Opsonophagocytosis Assay
A B. parapertussis strain expressing the green-fluorescent protein (GFP)—the B. parapertussis AR729 carrying plasmid pCW504, kindly provided by Dr. A. Weiss—was opsonized by incubation at 37°C with different serum samples added at 20% (v/v) for 30 min in a final volume of 40 μL. Serum-opsonized GFP-expressing bacteria were incubated with RAW 264.7 cells at a multiplicity of infection of 70 for 30 min at 37°C to enable binding and internalization. After extensive washing to remove non-attached bacteria, the samples were analyzed with a FACS Calibur flow cytometer (Becton Dickinson, San Jose, CA) and the results of the estimated degree of phagocytosis expressed as the mean fluorescence intensity. Statistical significance was assessed by the one-way analysis of variance (ANOVA) followed by Bonferroni's multiple-comparison test (GraphPadPrims®). Differences were considered to be significant when p < 0.001.
Bactericidal Assay
The bactericidal activity of the sera collected from mice 2 weeks after immunization with the OMV(Bpp-LPS-O+) and OMV(Bpp-LPS-O−) vaccines (i.e., the immune sera) and from non-immunized mice (i.e., the naïve sera) were tested in vitro. Naïve sera from mice were used as a source of complement. Both heat-inactivated immune and naïve sera and the vehicle phosphate-buffered saline (PBS) alone were used as controls. Virulent B. parapertussis were grown on Bordet Gengou agar medium and diluted to 1 × 105 CFUs/mL in PBS containing MgCl2 0.05 M and CaCl2 0.15 mM. Forty-five microliters of heat inactivated serum or PBS were mixed with 5 μL of a suspension containing 500 CFUs of the bacteria. After 1 h of incubation at 37°C, 5 μL of naïve serum was added to each of the samples tested.
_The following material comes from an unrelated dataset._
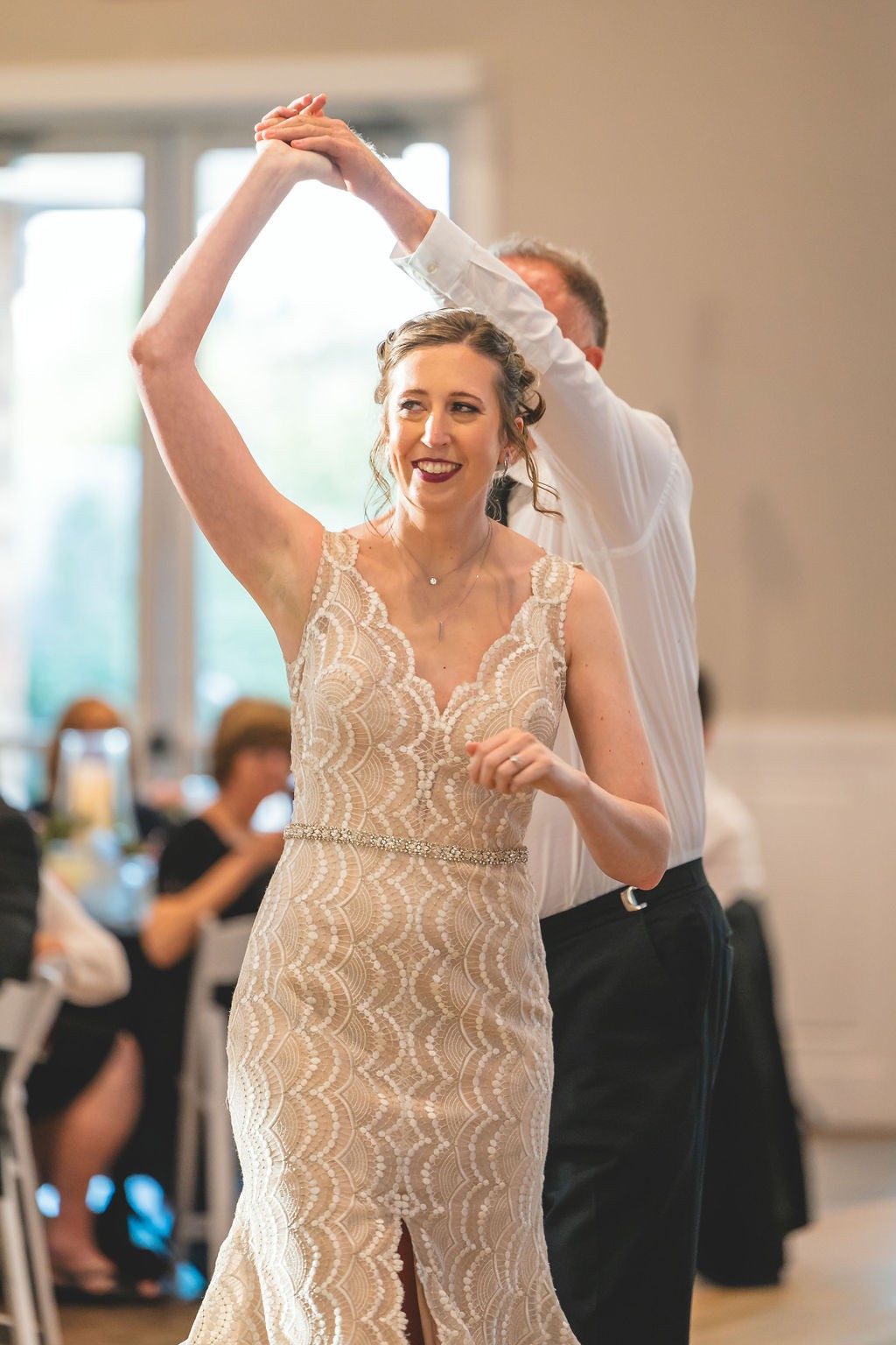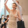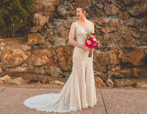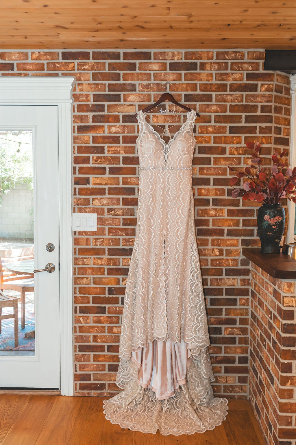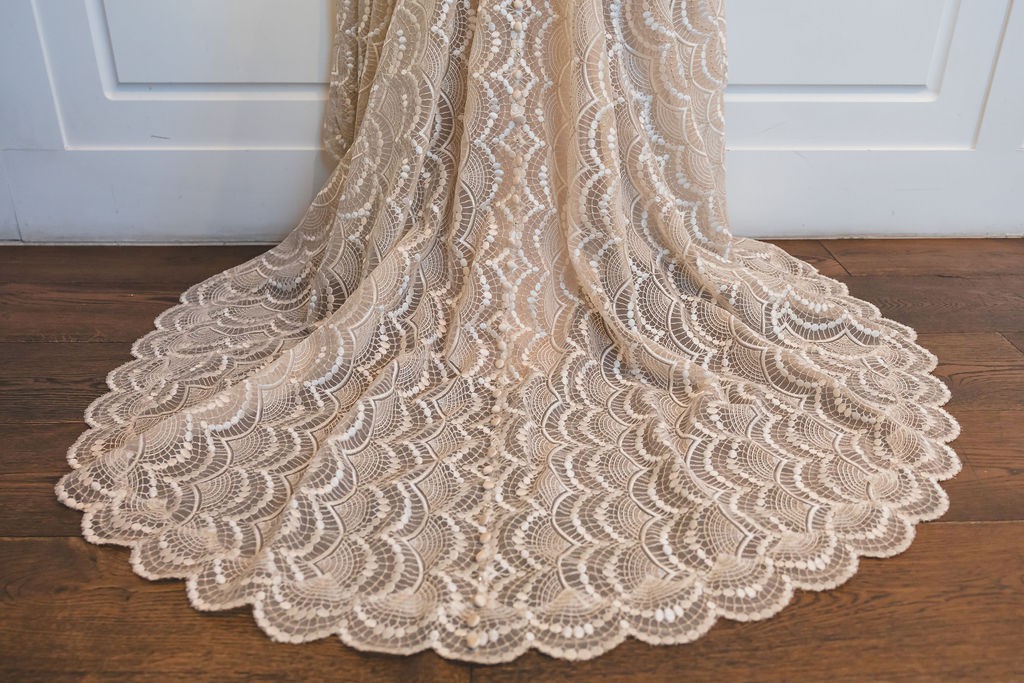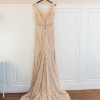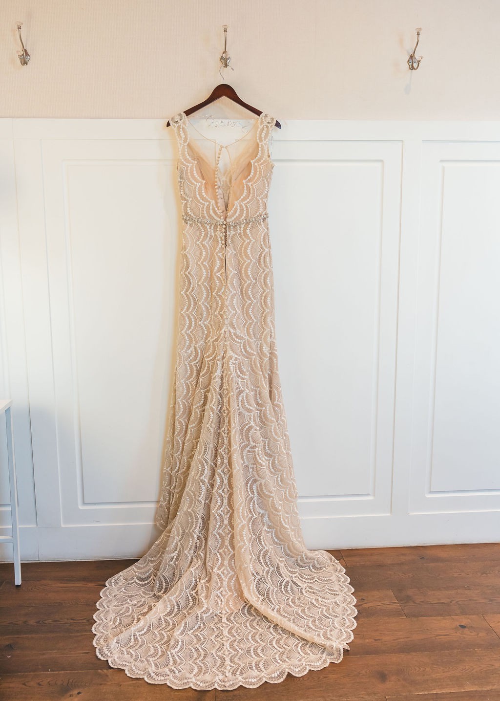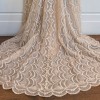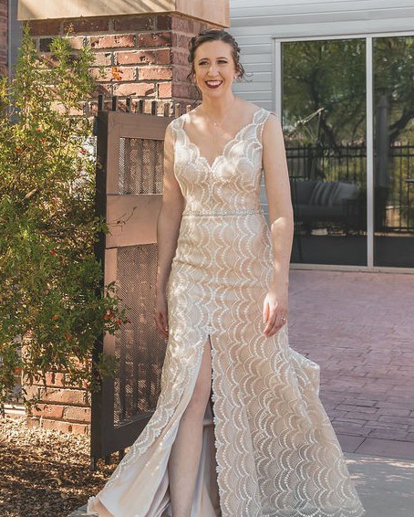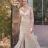 The Madison James MJ 303 is a bridal gown with a fit-and-flare silhouette, a sweetheart neckline, and a natural waist. It features all-over lace with beading, a chapel-length train, straps, and a low, sheer/illusion back. Key features include a scalloped neckline, a thigh/front slit, and a belt, with a silky lining for comfort, notes Nearly Newlywed.

After 1 h of incubation at 37°C, serial dilutions of the samples were spread on Bordet Gengou agar plates and incubated for 48–72 h to determine the CFUs. At least three biological replicates were performed.
Analysis of the Cellular Response Elicited by Vaccination
The cellular response was analyzed as previously described (21, 31). Briefly, spleen cells from mice immunized with the OMV-based vaccines were harvested 8 weeks after the last immunization and seeded in 48-well culture plates at 106 per well in a volume of 500 μL of RPMI 1640 cell-culture medium supplemented with 10% (v/v) fetal-bovine serum (Invitrogen, Buenos Aires Argentina) containing 100 IU/mL penicillin and 100 μg/mL streptomycin. All the spleen cells were either stimulated with OMVs derived from B. parapertussis (5 μg/mL) or exposed to medium alone. Supernatants were removed after 72 h of incubation at 37°C in an atmosphere of 5% (v/v) CO2/air and the production of interferon-γ (IFN-γ), and IL-17 determined by ELISA (BD Biosciences, CA USA), according to the conditions specified by the manufacturer.
Adoptive Transfer
Pooled sera (100 μL) or spleen cells (5 × 107) from non-immunized mice or from mice immunized with the OMV- or LPS-based vaccine 2 weeks previously were transferred intraperitoneally to female BALB/c mice (n = 12). Twenty-four h thereafter, the mice were infected with a sublethal dose (106-107 CFUs 40 in μL) of B. parapertussis AR729 and the subsequent protection assessed by determining the CFU counts in the mouse lungs 7 days after the challenge.
Statistical Analysis
The data were evaluated statistically by the Student t-test or the ANOVA followed by the Bonferroni post-hoc test (via the GraphPad Prism® software) as indicated in the legends to the figures. Differences were considered significant at a p < 0.05.
Results
Isolation and Characterization of the OMVs Obtained From B. parapertussis AR729 and ATCC 15237 Strains
The OMV samples obtained from B. parapertussis AR729 and B. parapertussis ATCC 15237 grown in the virulent phase were negatively stained and examined by electron microscopy (Figure 1A). The procedure was repeated at least four times, and in all the samples the size range (at dimensions of 50–150 nm) was both consistent from batch to batch and similar to that previously described for OMV preparations derived from B. pertussis (19) and B. parapertussis (13). To characterize the LPS in both OMVs, one-dimensional electrophoresis was performed (Figure 1B). By this technique, we detected that the LPS present in the OMVs preparation derived from B. parapertussis AR729 had the characteristic electrophoretic profile of the LPS belonged from human strains of B. parapertussis (16, 32) consisting in a faster-migrating LPS—B band that corresponds to the Lipid A- core structure together with a ladder arrangement of high molecular mass bands that correspond to the O antigen (O-Ag, a polymer of 2,3-diacetamido-2,3-dideoxy-α-galacturonic acid (33)). The presence of the O-Ag band in the LPS from AR729 was confirmed by an immunoblot assay using a polyclonal serum that only recognized the O antigen (Figure 1C). In contrast, the LPS from the OMVs derived from the ATCC 15237 strain did not contain the characteristic O-Ag band. Moreover, the polyclonal serum against O antigen did not react with this LPS derived from ATCC15237 strain (Figure 1C).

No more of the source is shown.